Re: [PATCH, i386] V4DF __builtin_shuffle

2012-05-10 Thread Marc Glisse

Any comment?

On Mon, 30 Apr 2012, Marc Glisse wrote:


Ping?

http://gcc.gnu.org/ml/gcc-patches/2012-04/msg01034.html

Since then, I've run a c,c++ bootstrap and:
make -k check RUNTESTFLAGS=--target_board=my-sde-sim
where my-sde-sim is the dejagnu board posted by H.J. Lu to run tests inside 
Intel's simulator, no difference between before and after my patch.
(If I understand correctly, the testsuite always compiles the AVX and AVX2 
tests, and uses cpuid (which I expect the simulator must fake) to determine 
if it should run them, so I don't need to pass any extra flag in 
RUNTESTFLAGS. If I am wrong, please tell me.)

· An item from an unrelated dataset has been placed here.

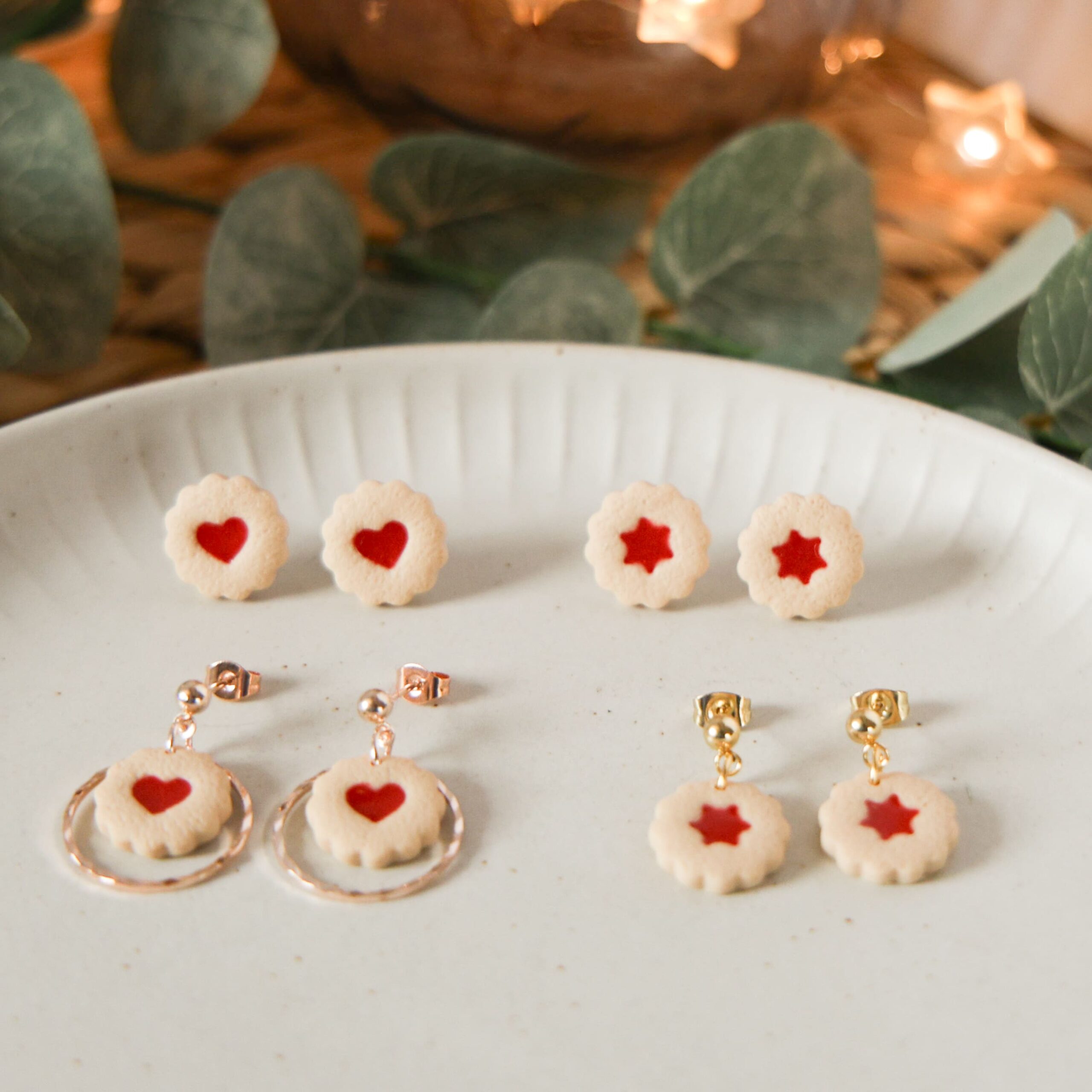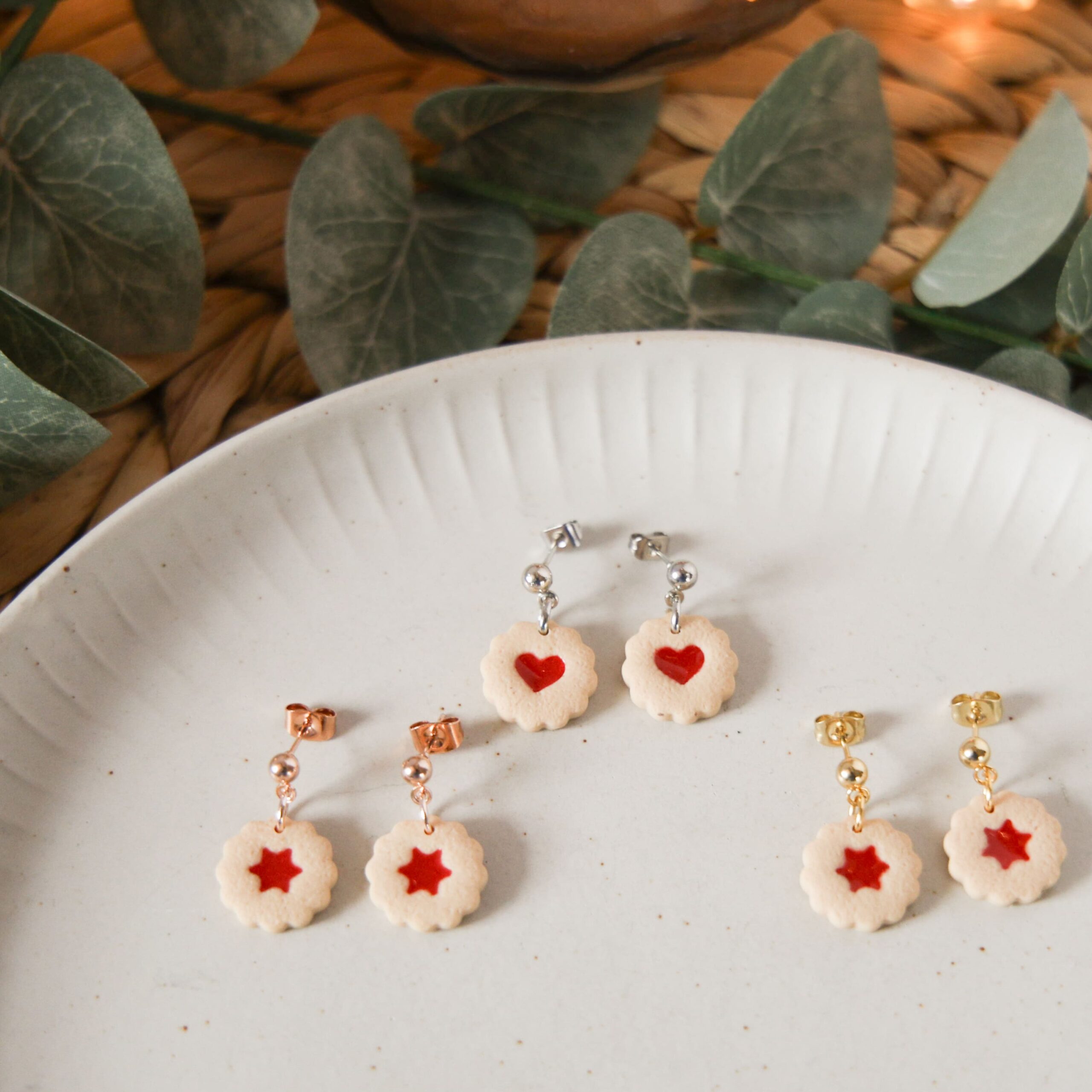 Deine Lieblingskekse zu Weihnachten sind Hilda-Plätzchen? Jetzt kannst du sie auch ganz ohne Kalorien „genießen“ und deine Ohren damit schmücken! Du kannst zwischen Stern- und Herz-Motiv wählen und es gibt eine schlichte und eine Statement-Version mit glitzerndem Zierring.
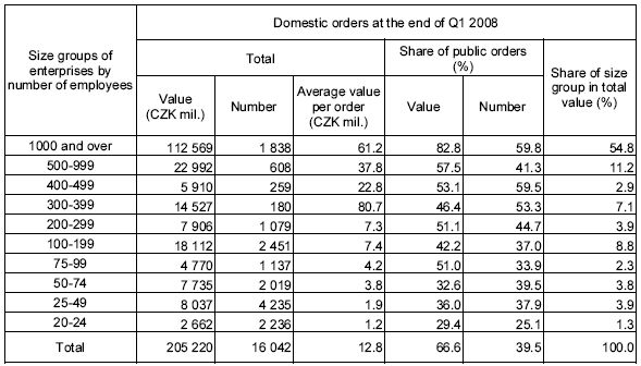 In Q1 2008 the total value of domestic new construction orders reached CZK 62.0 billion and increased by 23.6% year-on-year. At the end of Q1 2008 observed construction enterprises recorded 16.0 thousand domestic orders worth CZK 205.2 billion.

Adding in Cc: the 2 people who kindly commented on the other shuffle patch 
(the one that isn't finished).


On Tue, 17 Apr 2012, Marc Glisse wrote:


Hello,

this patch expands __builtin_shuffle for V4DF mode in at most 3 insn. It is 
simple and works really well, often generates only 2 insn. It is not very 
generic, because other modes don't have an instruction equivalent to 
vshufpd. For V8SF (and likely V4DI and V8SI with AVX2, but I still need to 
do that), my patch default case in PR 52607 seems more interesting.


I tried calling this new function after expand_vec_perm_vperm2f128_vblend 
(instead of before as in the patch), but it generated more instructions for 
some permutations, and never less. That function is still useful for V8SF 
though.


I bootstrapped gcc on a non-avx platform, compiled a program that tests all 
4096 shuffles with -mavx/-mavx2, and ran the result using Intel's emulator 
(SDE).


There are still a few V4DF permutations that don't generate an optimal 
sequence (3 insn instead of 2), but not that many I think. Of course, I am 
assuming a constant cost of 1 per insn, which is completely false, but 
seems like a sensible first approximation.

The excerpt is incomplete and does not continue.